A Hands-On Guide to OpenTelemetry: Linking Metrics to Traces With Exemplars, Part 1
This article continues the series by exploring how to link metrics to traces and make the most of telemetry data on your observability journey.
Join the DZone community and get the full member experience.
Join For FreeAre you ready to start your journey on the road to collecting telemetry data from your applications? Great observability begins with great instrumentation!
In this series, you'll explore how to adopt OpenTelemetry (OTel) and how to instrument an application to collect tracing telemetry. You'll learn how to leverage out-of-the-box automatic instrumentation tools and understand when it's necessary to explore more advanced manual instrumentation for your applications. By the end of this series, you'll have an understanding of how telemetry travels from your applications to the OpenTelemetry Collector, and be ready to bring OpenTelemetry to your future projects. Everything discussed here is supported by a hands-on, self-paced workshop authored by Paige Cruz.
The previous article explored how developers are able to manually instrument their applications to generate specific metadata for our business to derive better insights faster. In this article, we'll look at the first part of how to link metrics to trace data using exemplars.
It is assumed that you followed the previous articles in setting up both OpenTelemetry and the example Python application project, but if not, go back and see the previous articles as it's not covered here.
Before we dive into linking our metrics to traces with exemplars, let's look at what exactly an exemplar is.
Exemplar Basics
As defined by Google Cloud Observability:
"Exemplars are a way to associate arbitrary data with metric data. You can use them to attach non-metric data to measurements. One use of exemplars is to associate trace data with metric data."
Remember, we use trace data to give a detailed view of a single request through our systems and metrics are used to provide an aggregated systems view. Exemplars are a way to combine the two, such that once you narrow your troubleshooting efforts to a single trace, you can then explore the associated metrics that the exemplar provides. This also works from metrics to traces, for example, allowing you to jump from, "Hey, what's that weird spike?" on a metric chart directly to a trace associated with that context in a single click.
Our goal is tying metrics to traces via exemplars, so using the CNCF open-source projects, we'll instrument metrics with Prometheus, which has stable APIs and an extensive ecosystem of instrumented libraries. While OpenTelemetry also provides a metrics SDK, it's marked as mixed and under active development. The Python SDK does not yet support exemplars, so let's keep our traces instrumented with OpenTelemetry.

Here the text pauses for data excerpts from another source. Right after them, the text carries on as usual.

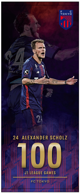 8月24日(周日)2025明治安田J1联赛 vs京都SANGA F.C.中,Alexander SCHOLZ选手达成了J1联赛累计出场100场的成就。为纪念此事,将接受预订销售SCHOLZ选手J1联赛累计出场100场纪念商品,敬请购买。
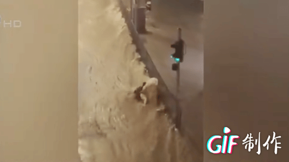 路面积水情况严重,有行人不慎在积水中滑倒并被冲走,情况十分危险。
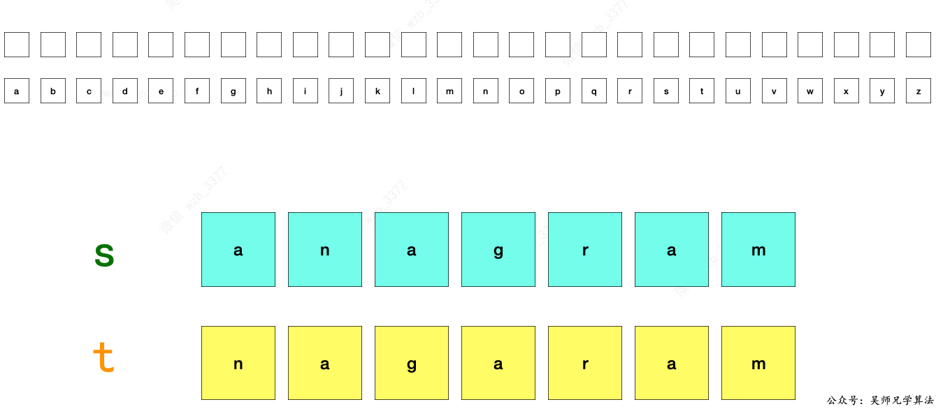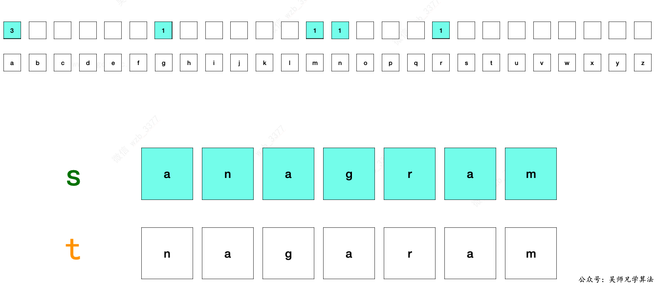 - 3、最后再来统计 t 字符串,即遍历 t 时将对应的字母频次进行减少,如果期间 计数器 出现小于零的情况,则说明 t 中包含一个不存在于 s 中的字母,直接返回 false。
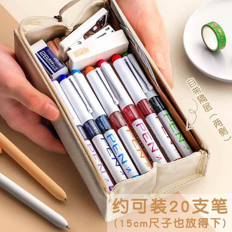 日系小众笔袋女孩文具铅笔盒初中ins风大容量可站立对开式男生小学生文具盒简约笔盒高颜值笔袋女生2025新款
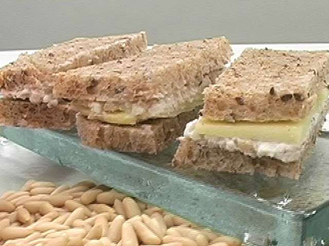 Веселый сэндвич для разносторонних личностей.Состав:цельнозерновой хлеб — 4 кусочка;сыр — 100 гр;грецкие орехи — 50 гр;яблоки — 3 штуки;небольшое количество йогурта;мускатный орех — 1 штука;соль, перец — по вкусу.
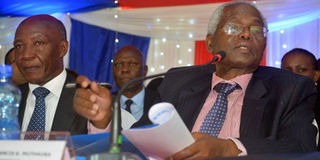 Britam Group MD Benson Wairegi (left) and board chairman Francis Muthaura during the firm’s Annual General Meeting on June 9, 2017. FILE PHOTO | SALATON NJAU | NMG
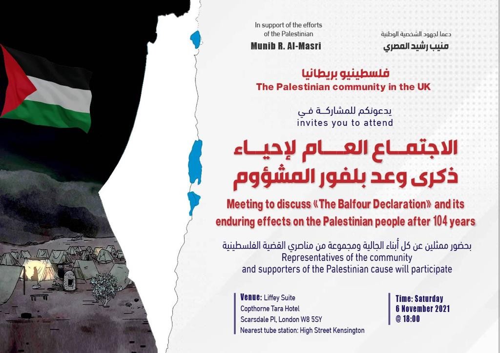يدعو فلسطينيو بريطانيا، أبناء الجالية العربية والفلسطينية، للمشاركة في "الاجتماع العام لإحياء ذكرى وعد بلفور المشؤوم" في لندن، للتنديد به ومطالبة الحكومة البريطانية بالاعتذار عنه.
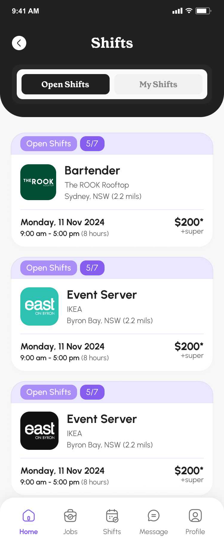 - Some shifts are open for applications: tap Apply and your request will be sent to the business.

The plan we will follow in Part One is to first configure a Prometheus instance to gather metrics from our example application, second to instrument our example application to collect metrics, and verifying that this is collecting metrics.
In Part Two, we'll then implement an exemplar connecting these metrics to existing trace data we've been collecting from our example application, and finally, verify all this work in Jaeger tooling.
Prometheus Configuration
Within the example Python application we've previously installed, we find a configuration file for Prometheus in metrics/prometheus/prometheus.yml that looks like this:
global: scrape_interval: 5s scrape_configs: - job_name: "prometheus" static_configs: - targets: ["localhost:9090"] - job_name: "hello-otel" static_configs: - targets: ["localhost:5000"]
The default use of Prometheus is to monitor targets over HTTP and scrape their endpoints. Our initial configuration is scraping Prometheus itself as the target with the endpoint localhost:9090
and looking for hello-intel
as a target on the endpoint localhost:5000
.
Using this configuration we can now build and start our Prometheus instance with:
$ podman build -t workshop-prometheus:v2.54.1 -f ./metrics/prometheus/Buildfile-prom $ podman run -p 9090:9090 workshop-prometheus:v2.54.1 --config.file=/etc/prometheus/prometheus.yml
We can verify our targets are configured correctly by opening the Prometheus console Targets page at http://localhost:9090/targets, noting that Prometheus is scraping itself and waiting for the hello-otel application to come online:
For now, stop the Prometheus instance by using CTRL-C as we'll later be running the application and Prometheus instance together in a single pod.
Collecting Metrics
The next step is to start collecting metrics from our Python example application. To do this we can explore the prometheus-flask-exporter that provides an easy getting started experience.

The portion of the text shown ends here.